Saved entries

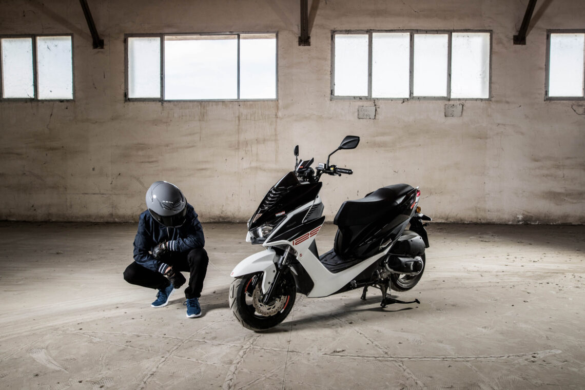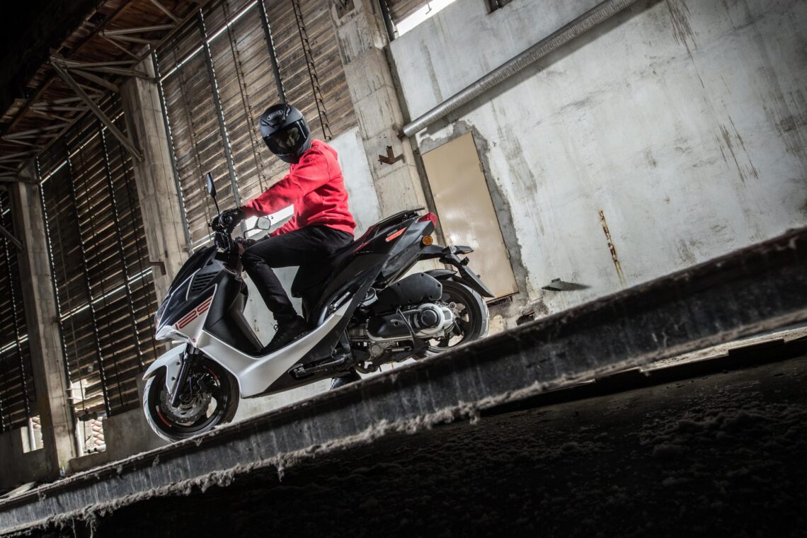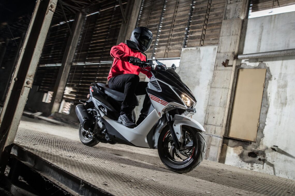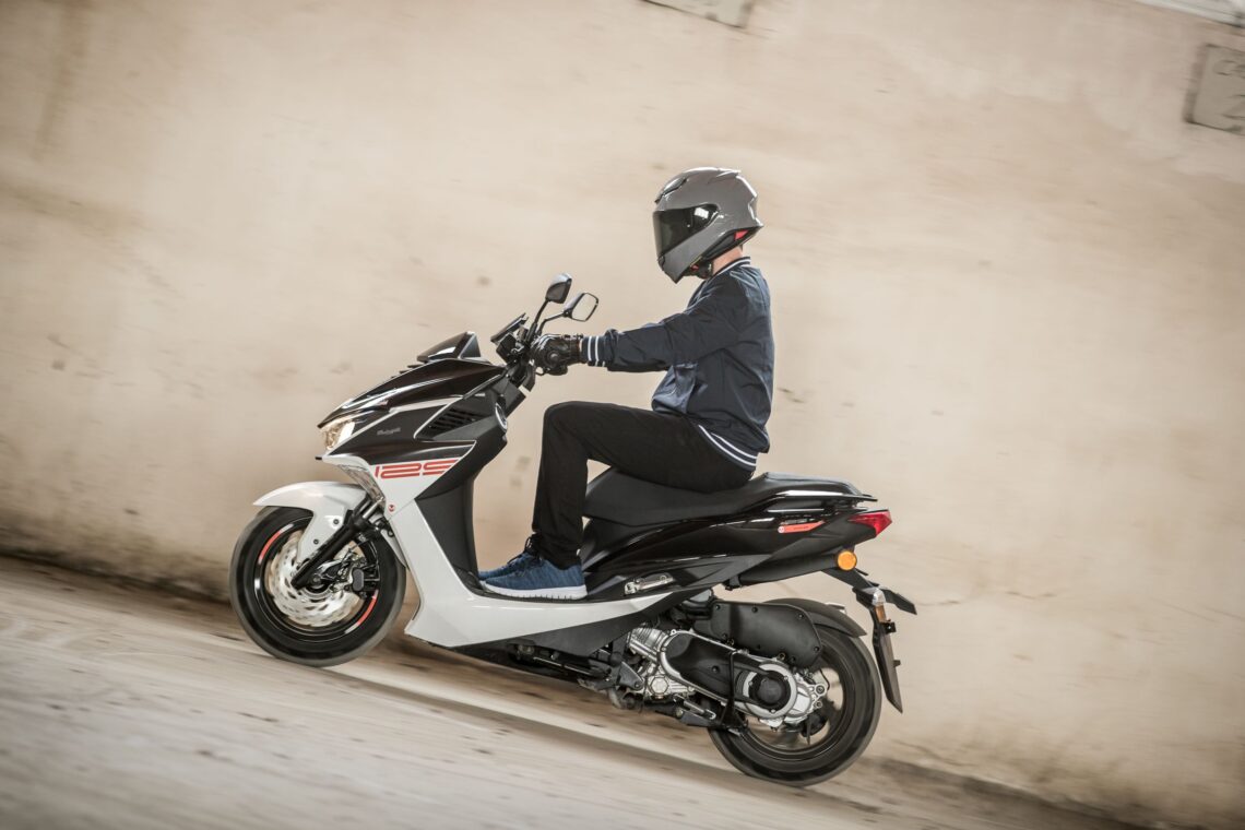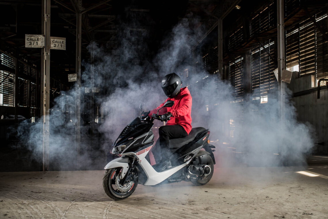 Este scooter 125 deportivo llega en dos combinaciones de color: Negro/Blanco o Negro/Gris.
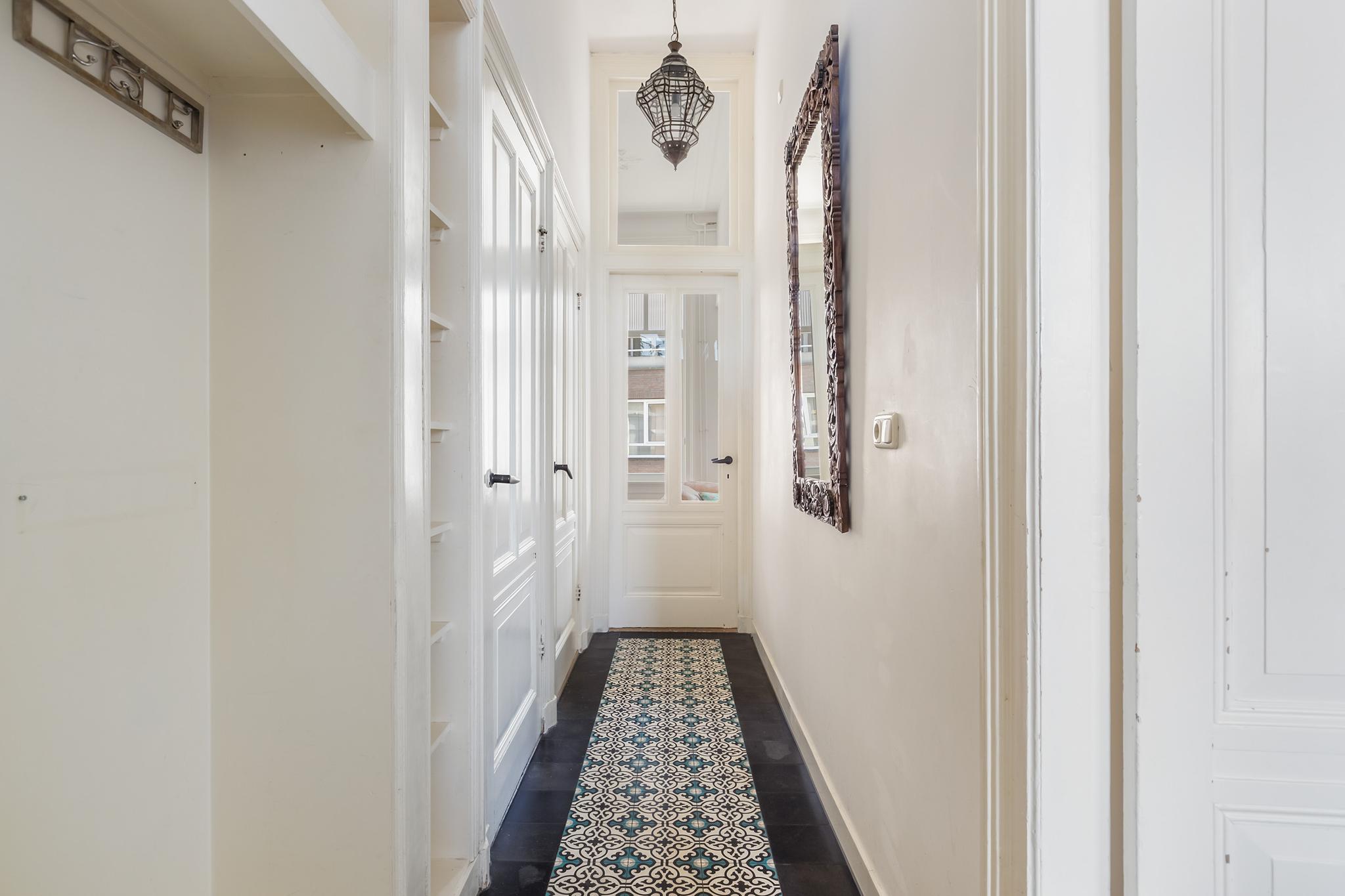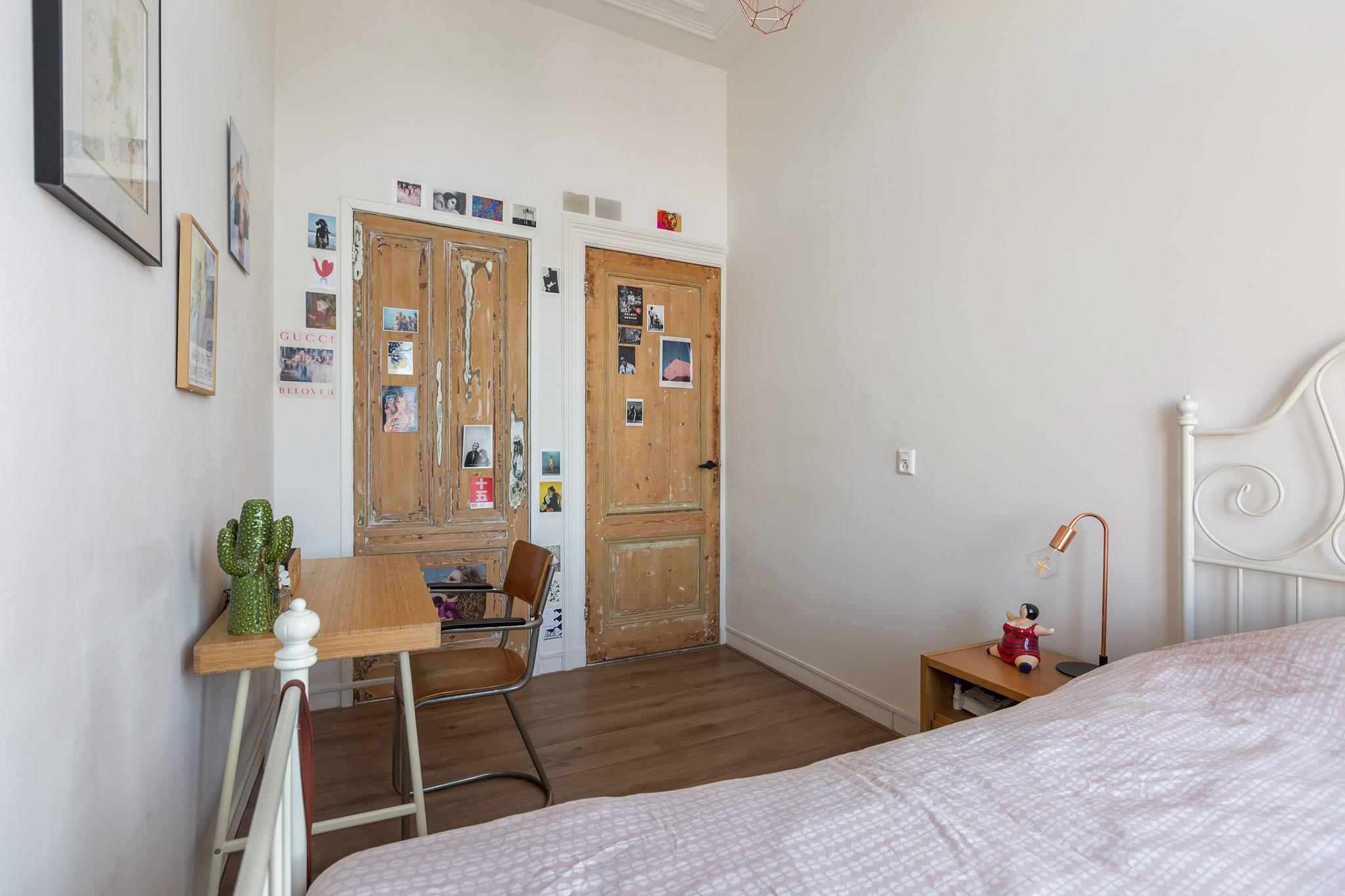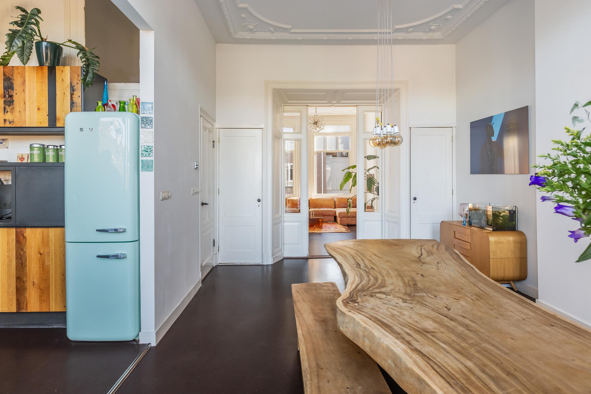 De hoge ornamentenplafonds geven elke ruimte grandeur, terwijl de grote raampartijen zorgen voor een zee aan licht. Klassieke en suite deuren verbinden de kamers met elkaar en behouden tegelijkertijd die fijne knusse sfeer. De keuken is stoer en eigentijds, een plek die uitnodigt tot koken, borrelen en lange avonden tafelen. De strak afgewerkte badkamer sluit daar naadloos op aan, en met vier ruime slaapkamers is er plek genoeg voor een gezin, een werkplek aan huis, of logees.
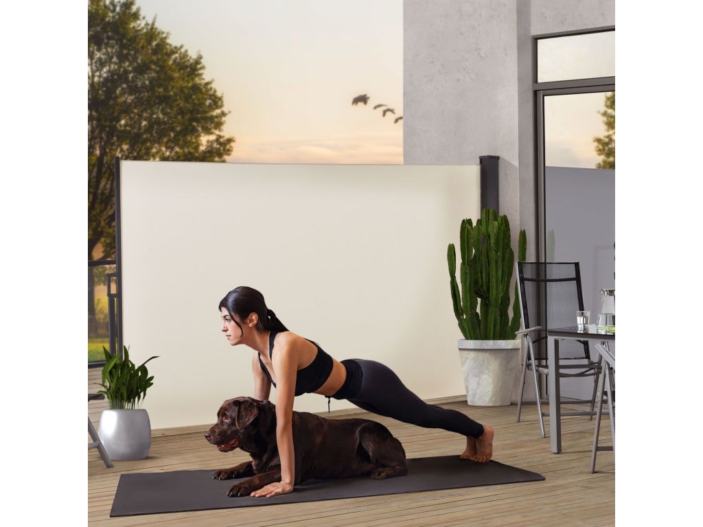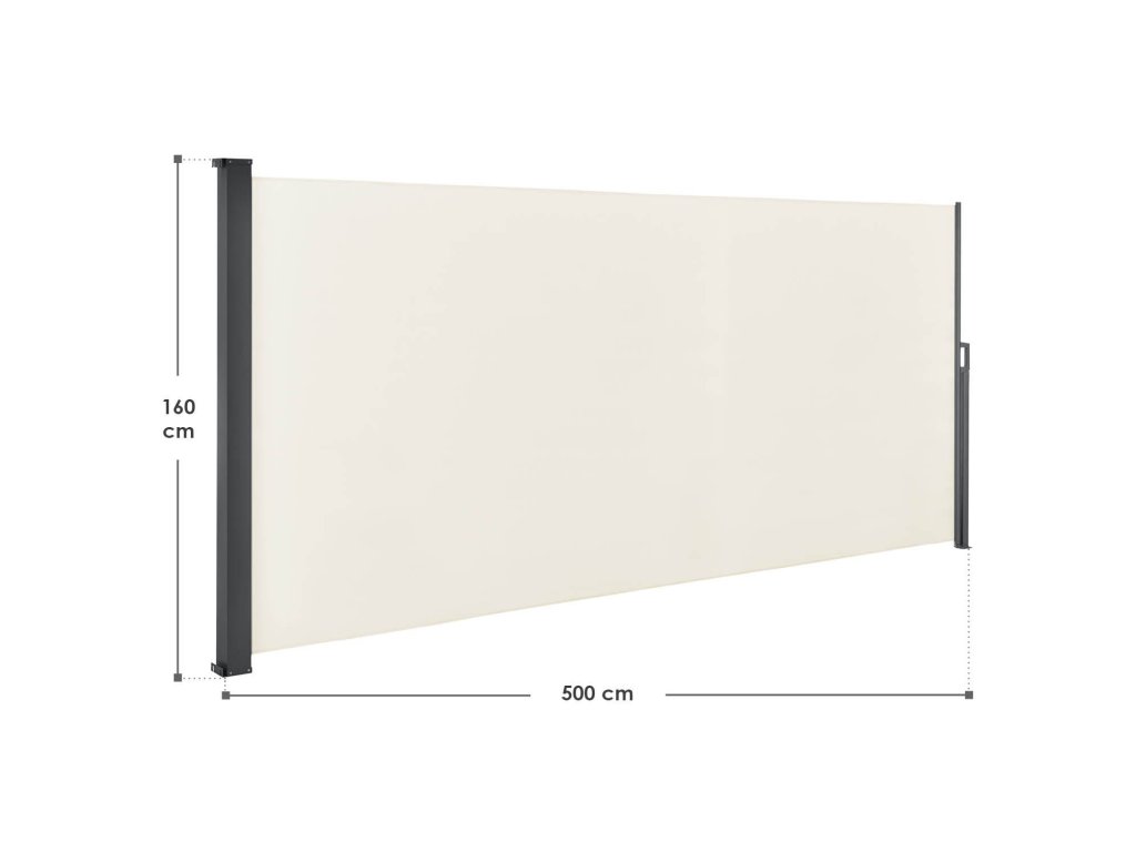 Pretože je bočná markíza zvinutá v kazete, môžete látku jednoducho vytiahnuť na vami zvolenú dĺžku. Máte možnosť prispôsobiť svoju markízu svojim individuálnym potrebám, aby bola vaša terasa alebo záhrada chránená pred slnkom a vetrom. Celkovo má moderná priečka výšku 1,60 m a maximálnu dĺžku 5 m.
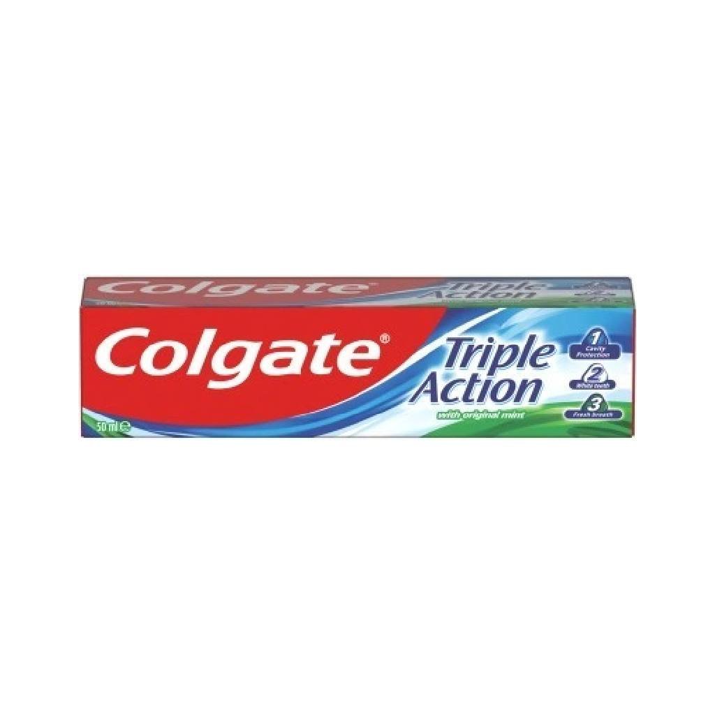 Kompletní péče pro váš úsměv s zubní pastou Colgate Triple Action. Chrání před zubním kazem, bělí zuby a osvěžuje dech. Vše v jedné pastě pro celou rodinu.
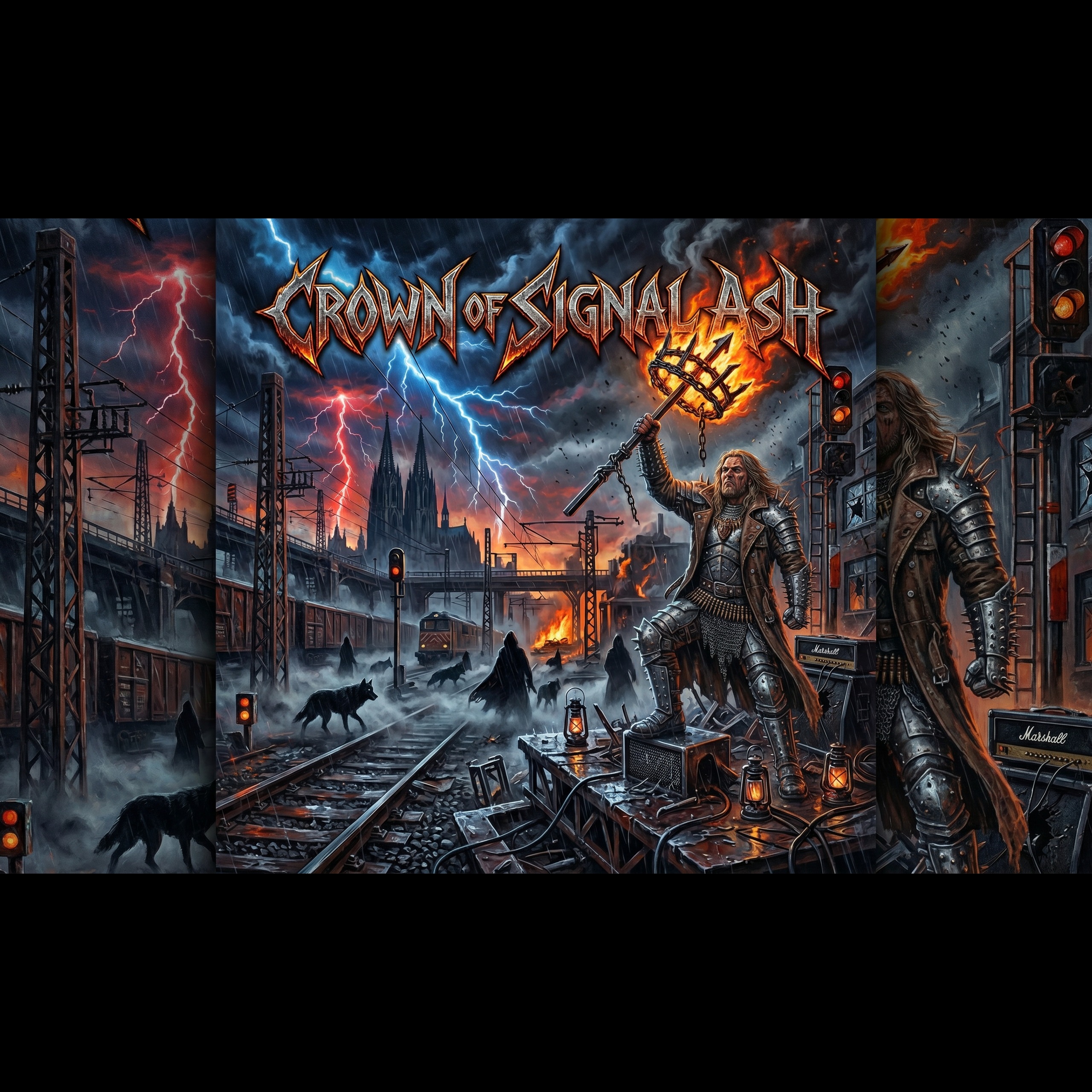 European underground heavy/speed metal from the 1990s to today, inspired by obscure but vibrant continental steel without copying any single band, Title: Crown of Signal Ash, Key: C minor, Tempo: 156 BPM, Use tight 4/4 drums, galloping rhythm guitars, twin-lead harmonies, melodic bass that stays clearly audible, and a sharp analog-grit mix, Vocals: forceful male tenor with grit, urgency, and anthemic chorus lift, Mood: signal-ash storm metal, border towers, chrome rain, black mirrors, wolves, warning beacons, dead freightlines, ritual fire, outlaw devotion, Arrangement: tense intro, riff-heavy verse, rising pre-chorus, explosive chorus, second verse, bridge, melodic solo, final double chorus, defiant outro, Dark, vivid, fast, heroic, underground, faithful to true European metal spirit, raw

What the task asks: The response must repeat exactly the lines above from the one with "Pretože je bočná" through the one with "Kompletní péče pro", including both, and must contain no pictures and no other text.

Response area:
 Pretože je bočná markíza zvinutá v kazete, môžete látku jednoducho vytiahnuť na vami zvolenú dĺžku. Máte možnosť prispôsobiť svoju markízu svojim individuálnym potrebám, aby bola vaša terasa alebo záhrada chránená pred slnkom a vetrom. Celkovo má moderná priečka výšku 1,60 m a maximálnu dĺžku 5 m.
 Kompletní péče pro váš úsměv s zubní pastou Colgate Triple Action. Chrání před zubním kazem, bělí zuby a osvěžuje dech. Vše v jedné pastě pro celou rodinu.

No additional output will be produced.